To further investigate the mechanistic basis of pyrvinium sensitivity in IM, we expanded the drug response analysis to include inhibitors targeting ERK and STAT3 signaling. However, when we evaluated the sensitivity of normal and IM organoids to ERK (ulixertinib) and STAT3 inhibitors (STAT3-IN-1), none of these single-pathway inhibitors or their combination showed clear differences in sensitivity between IM and normal organoids, suggesting that additional mechanisms may contribute to the heightened sensitivity of IM organoids to pyrvinium (Supplementary Fig. S1D). To provide a more exploratory perspective, we performed gene set enrichment analysis using Gene Ontology and Hallmark pathway analysis (Supplementary Table S6). In KRAS-/MAPK-mutated IM compared with wild-type IM, we observed significant upregulation of Hallmark pathways such as mTORC1 signaling (adjusted P value, 8.3 × 10−18), whereas in the comparison between severe and mild IM organoids, Gene Ontology analysis revealed enrichment of mitochondrial gene expression (adjusted P value, 7.7 × 10−10), consistent with a metabolic shift toward higher oxidative phosphorylation (OXPHOS). Although previous studies have reported that pyrvinium induces cell death primarily in dysplastic organoids (33), our findings highlight its potential to selectively diminish cell viability in IM organoids from patients without cancer. In summary, our findings suggest that activating mutations in KRAS/MAPK pathway genes are present in a subset of IM lesions and associated with increased KRAS–ERK pathway activity. Functional studies in human IM organoids further support that drugs such as pyrvinium, which target KRAS/MEK/ERK signaling and other pathways, can selectively reduce IM cell viability highlighting potential therapeutic interventions to inhibit IM progression.

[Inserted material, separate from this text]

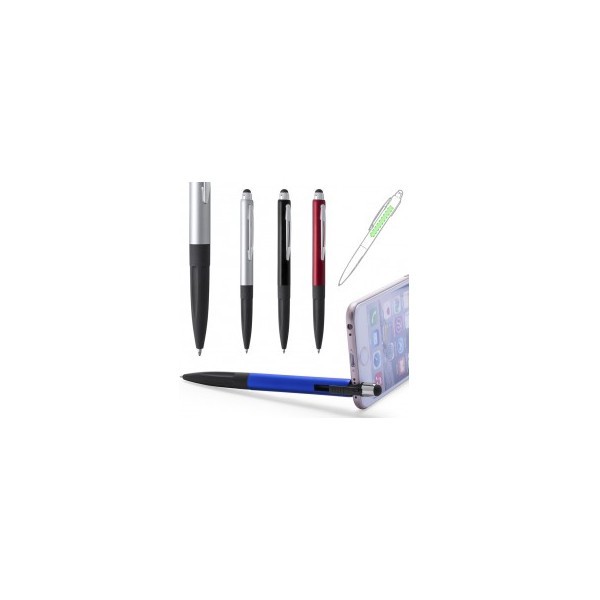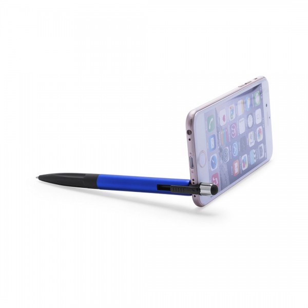 Bolígrafo SISTEMA TOUCH con mecanismo giratorio con soporte retráctil integrado para dispositivo móvil.
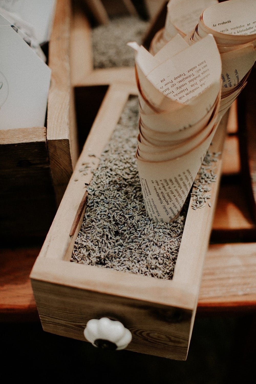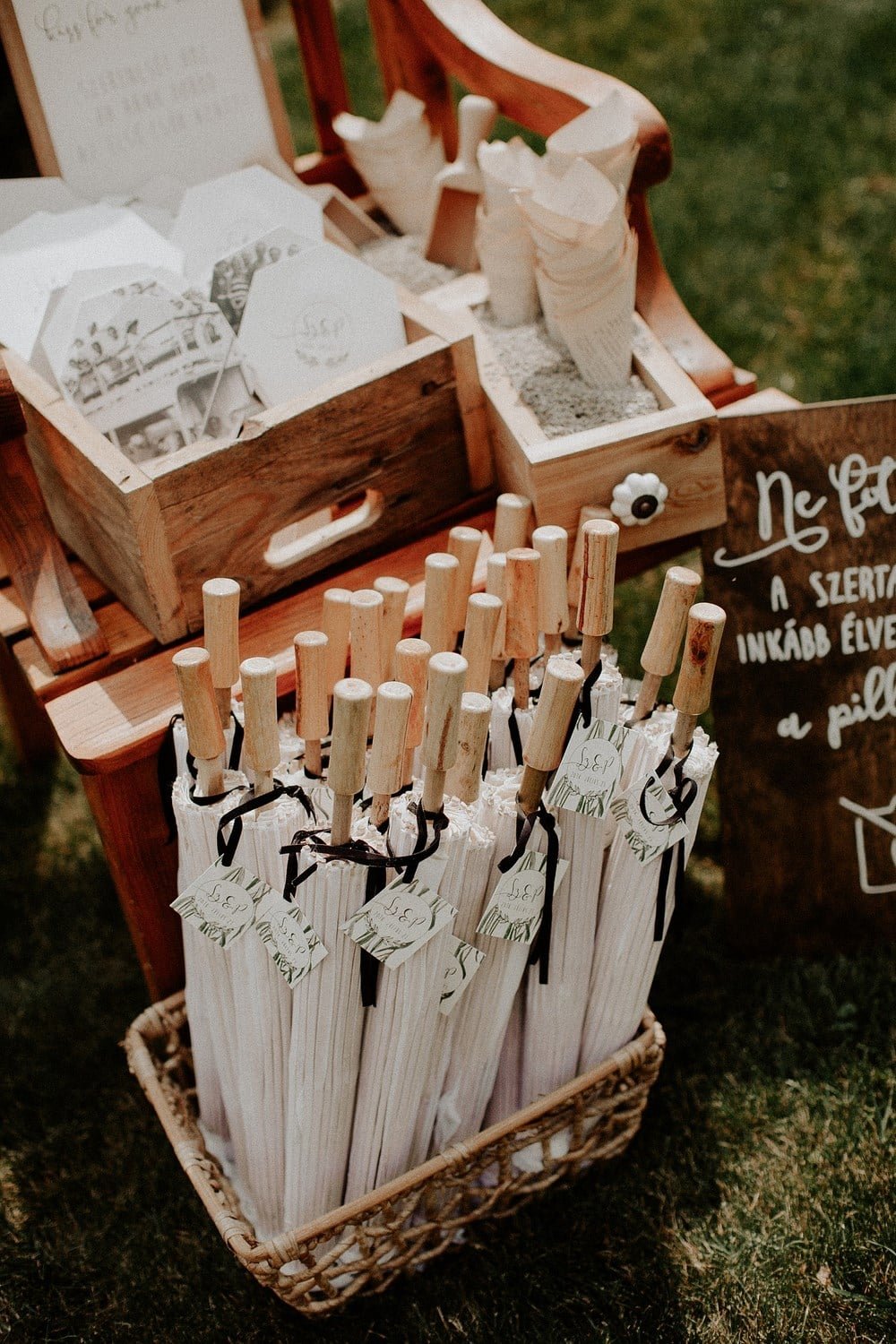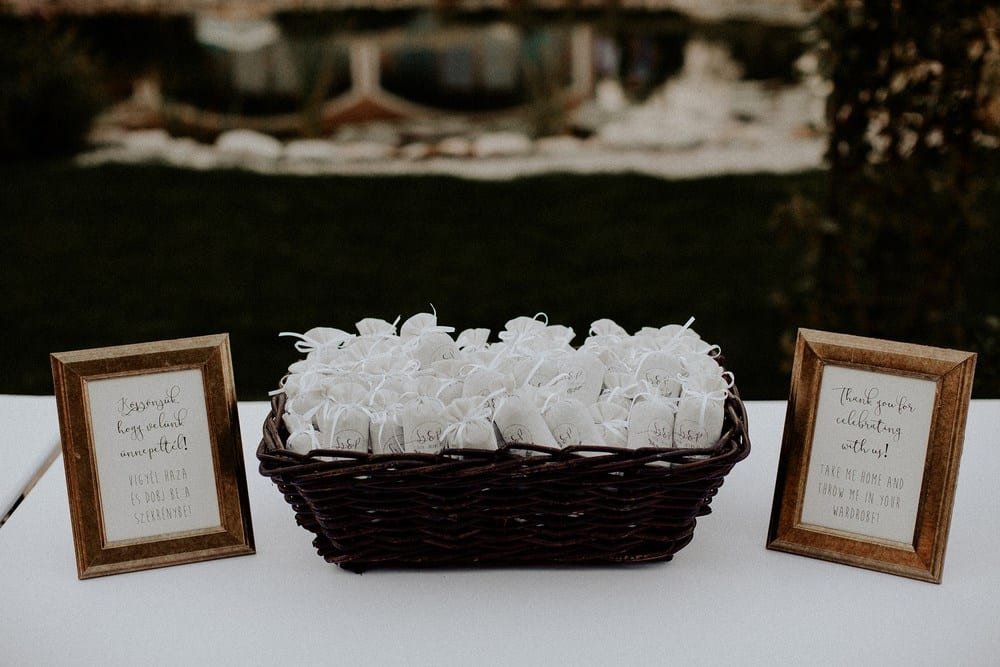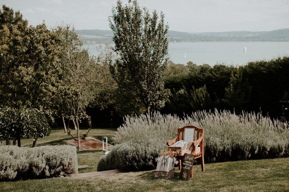 A helyszín további különlegességei közé tartoztak a rizspapiros napernyők és a légies legyezők, amelyek tökéletesen illeszkedtek a kert hangulatához. A vendégek önkiszolgáló módon szórhatták a levendulát, így még egy személyes, egyedi érintést adtak a szertartásnak.

SBS17 Is an IM-Associated Mutational Signature
Although WGS analyses of gastric cancers and normal gastric tissues have been widely reported (25, 35), few reports have analyzed IM WGS, highlighting a critical knowledge gap in this intermediate stage of gastric carcinogenesis. To identify specific mutational processes in IM, we performed signature analysis using SigProfilerAssignment (36) on 20 paired IM–normal WGS samples (12 Singapore, four Korea, three Japan, and one Hong Kong; Fig. 4A). We defined four predominant mutational single-base substitution (SBS) signatures–SBS1 (clock-like; average SBS exposure 17.0%), SBS5/40 (clock-like; 38.8%), SBS17 (unknown etiology; 27.1%), and SBS18 (oxidative stress; 17.0%). Notably, although all four signatures have been observed in gastric cancer (Fig. 4B), only three have been reported in normal stomach (SBS1, SBS5/40, and SBS18 but not SBS17; ref. 25), raising the possibility that SBS17 may reflect a mutagenic process operative in IM and gastric cancer but not normal gastric epithelium. SBS17-associated IM mutations tended to have lower VAFs than other SBS mutations (Wilcoxon test, P < 0.05; Fig. 4C), consistent with SBS17 processes causing sub-clonal mutational events in early stages of IM.
Figure 4.
Mutational signatures in IM. A, Mutational signatures identified in 20 paired IM samples using WGS. Samples are ordered left to right based on mutation counts attributed to SBS17. B, Comparison of mutational signatures across 79 normal gastric samples (Welcome Trust Sanger Institute), 20 IM samples (this study), and 122 gastric cancers (ICGC China). C, Median VAFs of autosomal chromosome mutational signatures in IM WGS samples. Samples are ordered by the median allele frequency of all SBS mutations. Asterisks denote significant differences between VAFs of SBS17 and non-SBS17 mutations. D, Analysis of mutational signatures in IM samples stratified by replication timing. E, Gene set enrichment analysis of genes associated with the Hallmark OXPHOS pathway, comparing six IM organoids with four normal organoids. F, OCR across time for normal and IM organoids. Dotted lines indicate the addition of mitochondrial inhibitors (oligomycin A, FCCP, and rotenone + antimycin A). P values were estimated using linear mixed-effects models. G, Boxplot showing 8-oxo-dG levels in IM and normal organoids. Each organoid was measured in six technical replicates. Replicate outliers, defined within each organoid as 8-oxo-dG levels exceeding the mean ± 1.5 SD, were excluded from analysis. P values were estimated using a linear mixed-effects model. H, Correlation of mutational signatures with patient age and tobacco smoking status. GC, gastric cancer.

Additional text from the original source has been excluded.